Analysts have expressed skepticism over what Musk and Ramaswamy actually can accomplish, emphasizing that Congress has power over the U.S. government’s budget and often ignores the White House’s proposals.

The new effort is comparable to the Simpson-Bowles commission on deficit reduction created during the Obama administration in 2010. That body’s recommendations were not passed into law even as they drove the conversation at that time, said TD Cowen Washington Research Group’s Chris Krueger in a note.

“The track record on generating attention and driving the conversation is quite good; the track record on implementation is quite poor. Time will tell,” Krueger wrote.

Beacon Policy Advisors senior policy analyst Andrew Lokay made a similar point.

“Despite Musk and Ramaswamy’s best efforts, history is not on their side when it comes to federal fiscal commissions,” he said. “Enthusiastic support from the Oval Office could make their task easier than previous commissions, but achieving significant cuts to federal spending could still be an uphill battle.”

On the campaign trail, Trump promised to bring down mortgage rates to a 2% level.
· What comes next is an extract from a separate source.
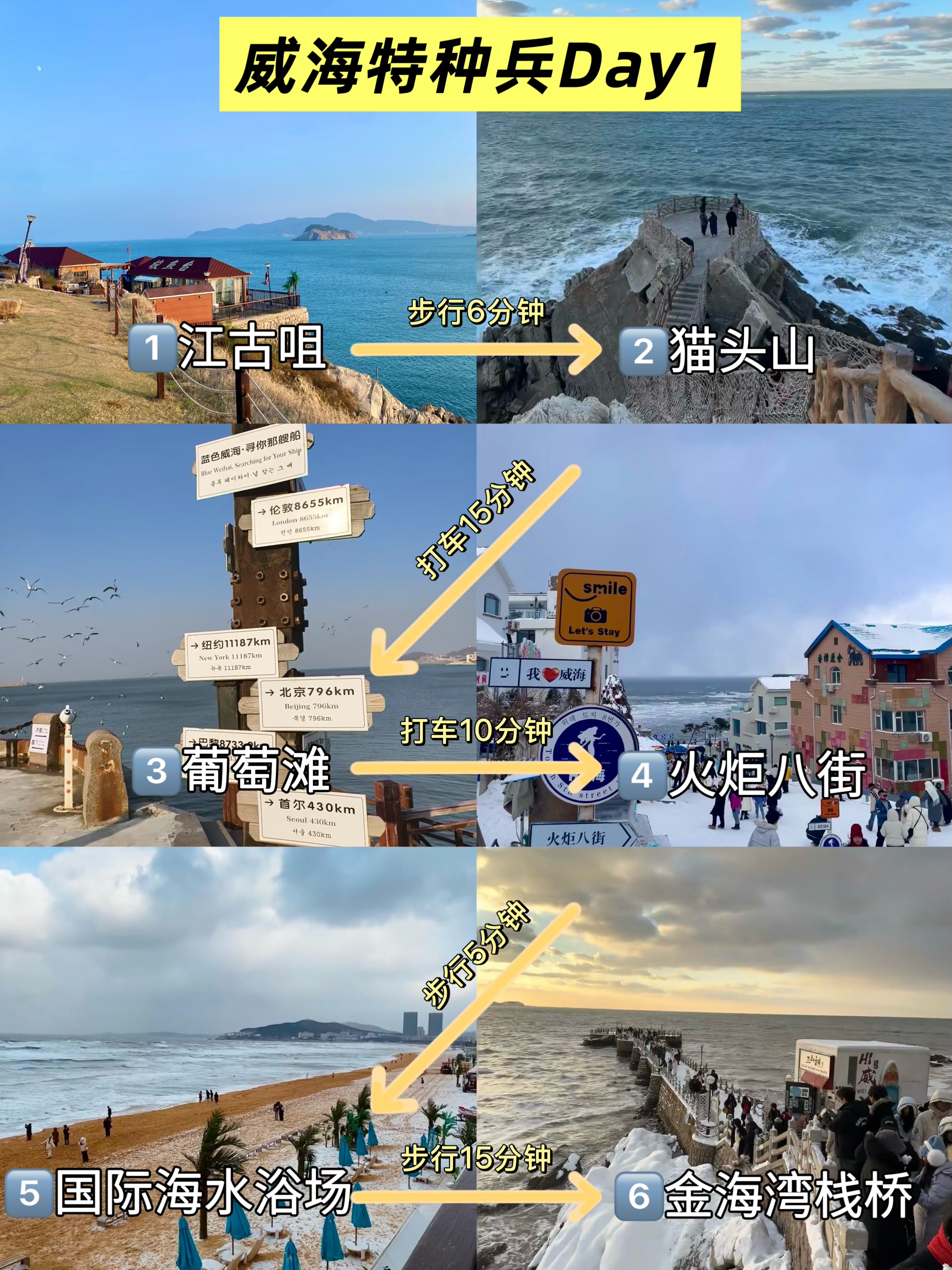 -威海没有地铁,出行主要发车或公交,景点之间距离不远,打车很快所以价格也不贵,公交就比较划算1-2r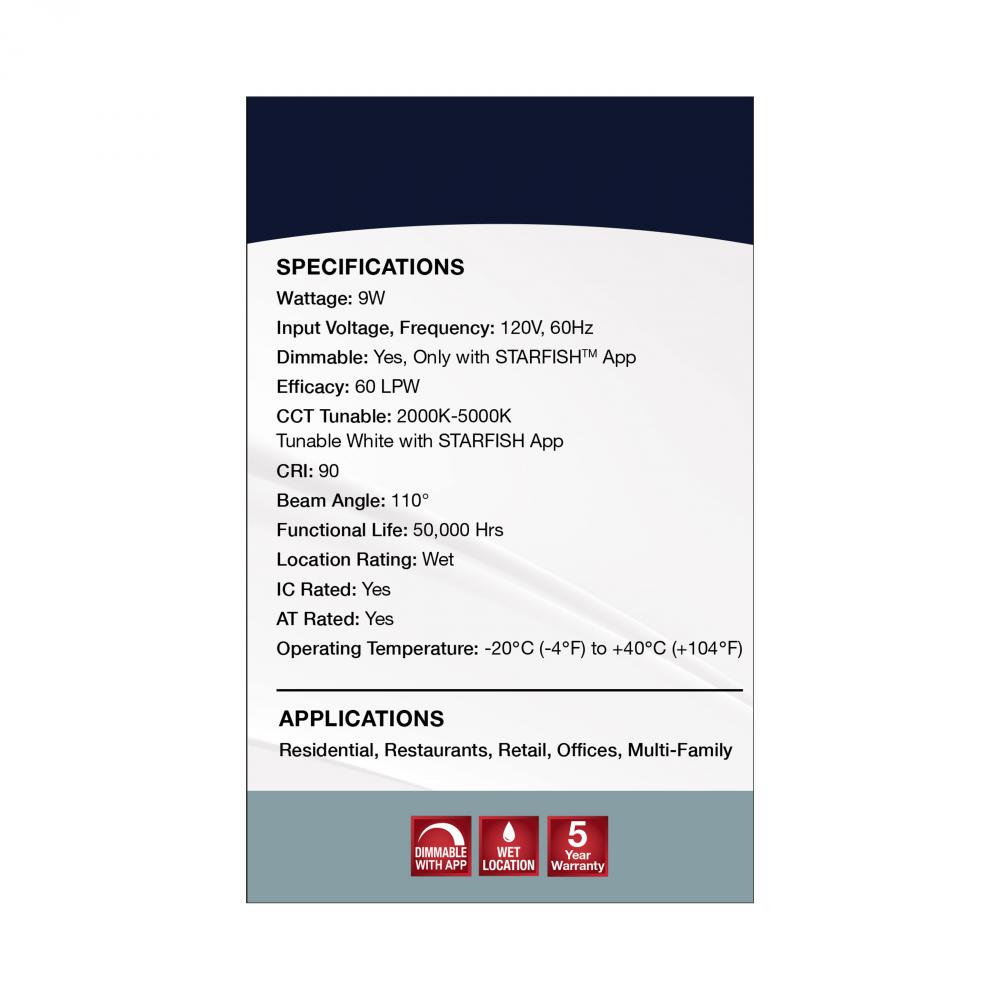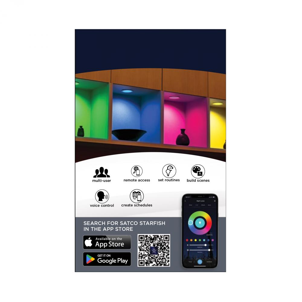 SATCO NUVO's LED Slimfit Downlights with STARFISH technology are the ultimate choice for smart lighting and ambiance control. Download the STARFISH app to customize any tunable white color temperatures from 2000K warm white to 5000K natural light or ch

Mortgage rates were last at 2% during the pandemic, when the Federal Reserve decreased its benchmark policy rate as the pandemic led to widespread closures and suppressed economic activity.

Yun said in a Nov. 8 speech at a NAR conference that mortgage rates during Trump’s first term were around 4%. “Are we going to go back to 4%? Per my forecast, unfortunately, we will not,” Yun said. “It’s more likely that we’ll go back to 6%. That will be the new normal, bouncing around 5.5%-6.5%.”

How does the federal deficit affect mortgage rates?

Mortgage rates closely track the yield on the 10-year Treasury note, meaning they rise and fall in tandem with it. If the government borrows more money, it must pay higher interest rates to attract buyers of its debt. A bigger federal deficit would then lead to higher mortgage rates for buyers.

“Today, we have a massive budget deficit at a time when we are not in an economic recession,” said Yun. “Clearly President-elect Trump will not stop tax cuts — he will extend or expand them.”

“There will be less mortgage money available because the government is borrowing so much money,” he added. “However, if the Trump administration can lay out a credible plan to reduce the budget deficit, then mortgage rates can move downward.”